§ **Work request**:
Those lines of the data that hold the word "with" are to be copied out.

§ **Records provided**:

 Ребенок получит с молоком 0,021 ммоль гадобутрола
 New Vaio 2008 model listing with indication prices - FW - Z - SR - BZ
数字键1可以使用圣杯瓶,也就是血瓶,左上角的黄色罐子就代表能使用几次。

* * *

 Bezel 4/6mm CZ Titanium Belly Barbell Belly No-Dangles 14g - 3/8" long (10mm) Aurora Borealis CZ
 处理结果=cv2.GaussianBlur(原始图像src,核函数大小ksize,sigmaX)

...

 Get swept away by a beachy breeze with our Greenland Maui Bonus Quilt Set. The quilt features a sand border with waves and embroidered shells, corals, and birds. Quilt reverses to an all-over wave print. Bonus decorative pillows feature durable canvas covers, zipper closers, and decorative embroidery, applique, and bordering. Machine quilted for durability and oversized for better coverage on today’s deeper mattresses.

§ **Answer**:
 New Vaio 2008 model listing with indication prices - FW - Z - SR - BZ
 Get swept away by a beachy breeze with our Greenland Maui Bonus Quilt Set. The quilt features a sand border with waves and embroidered shells, corals, and birds. Quilt reverses to an all-over wave print. Bonus decorative pillows feature durable canvas covers, zipper closers, and decorative embroidery, applique, and bordering. Machine quilted for durability and oversized for better coverage on today’s deeper mattresses.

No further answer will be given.